Friday, April 27, 2018

physical chemistry - Do catalysts shift equilibrium constant towards 1?


I want to be able to understand shifts in equilibrium from the maxwell boltzmann distribution. One thing I cannot get my head around is the effect of catalysts on the equilibrium position - supposedly it's none at all.

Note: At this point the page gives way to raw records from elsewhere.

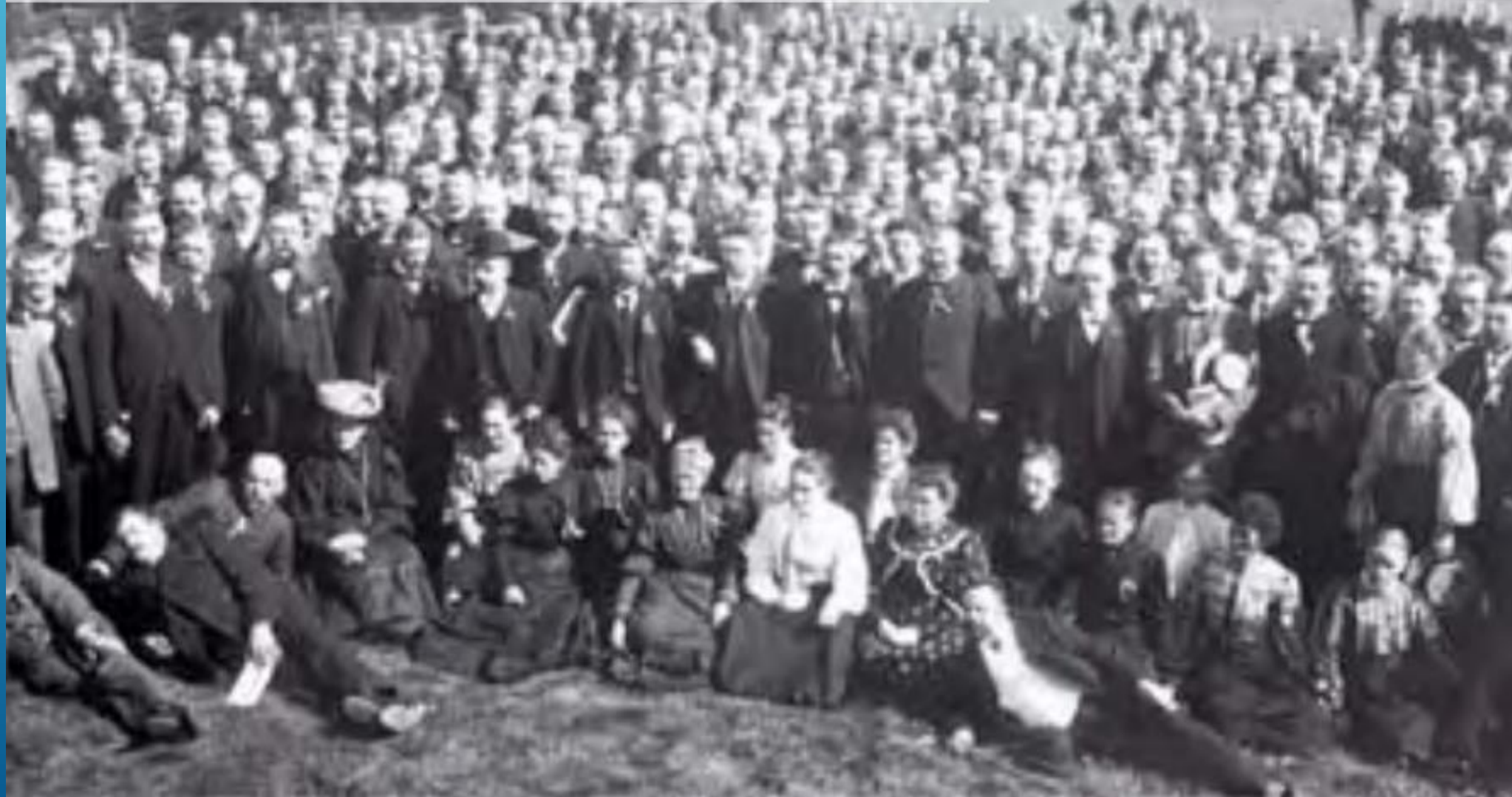
Svenska Sjukkasserörelsens första konferens 1905 i Norrköping
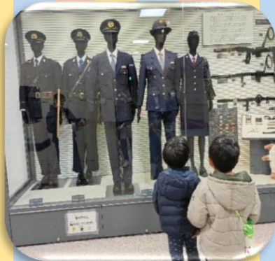
ちょっとムズカシイ(^▽^) 警察官の持っている物や制服 の違いを教えてもらったよ!
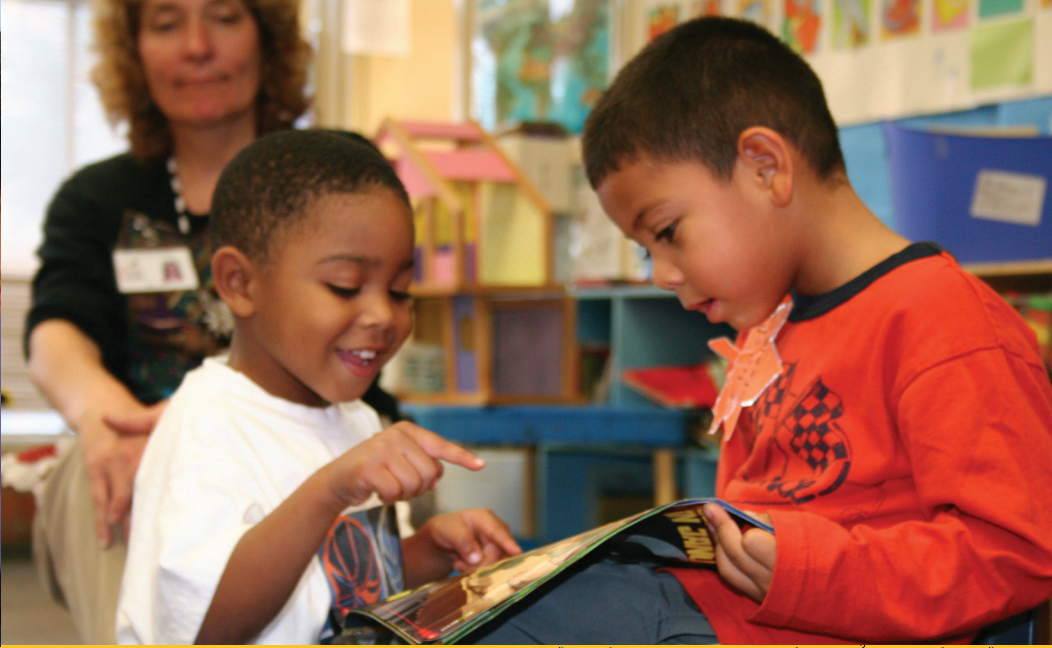
Trẻ em học tại trung tâm phát triển sớm cho trẻ
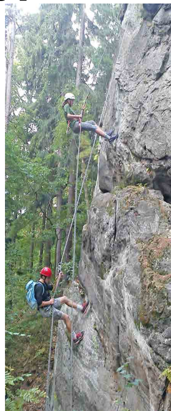
Mšenským lezcům se na závodě dařilo.
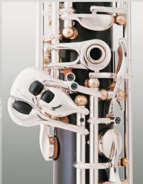
Rollen an C/Cis/Es
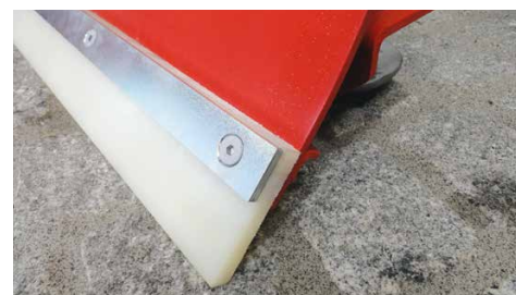
Barra in vulkolan

Per sgomberare in modo efficiente superfici più grandi sono disponibili dei pannelli laterali opzionali. Questi evitano che la neve si riversi dai lati sullo spartineve. È possibile spostare anche maggiori volumi di neve su distanze più lunghe nella direzione di marcia.
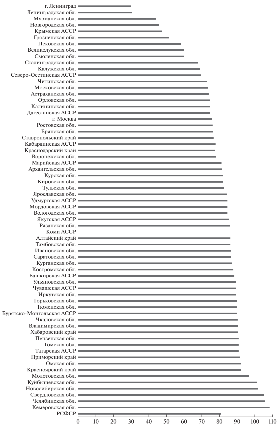
Рис. 1. Всё население РСФСР в 1945/1941 гг., %
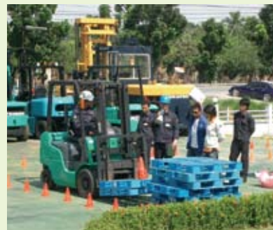
お客様への安全技能講習の風景

当社は創業以来15年にわたり、タイ国内で活躍する日系企業様向けにフォークリフトの販売・メンテナンス・レンタル等お客様のご要望に応じた物流システムのサポートを行っています。近年タイ国では現場での不測の事故も発生し、作業員の安全教育が急務になっています。そうした中、当社では独自の安全教育の一環として日本では義務付けられているフォークリフトの技能講習を他社に先駆け実施しています。作業員の安全を守るとともに、さらなる作業効率の向上にお役に立てるものと思います。タイ国に進出している企業様をはじめ、進出をご検討されている企業様とのマッチングを希望いたします。

But consider these diagrams of the M.B distribution of both reactants and products of a reversible reaction. enter image description here


The top diagram shows the distribution of the products of the reaction which equilibrium favours. It has a bigger concentration of particles. The line dividing the shaded region on these diagrams represents activation energy and the $dE$ represents the shift in activation energy due to the catalyst. We can see that the shaded regions, $A_1=A_2$ because forward and backward rates are the same at eqm. But clearly, the rate of the top reaction increases more as a greater fraction of particles have above activation energy. So adding a catalyst should shift equilibrium to the middle?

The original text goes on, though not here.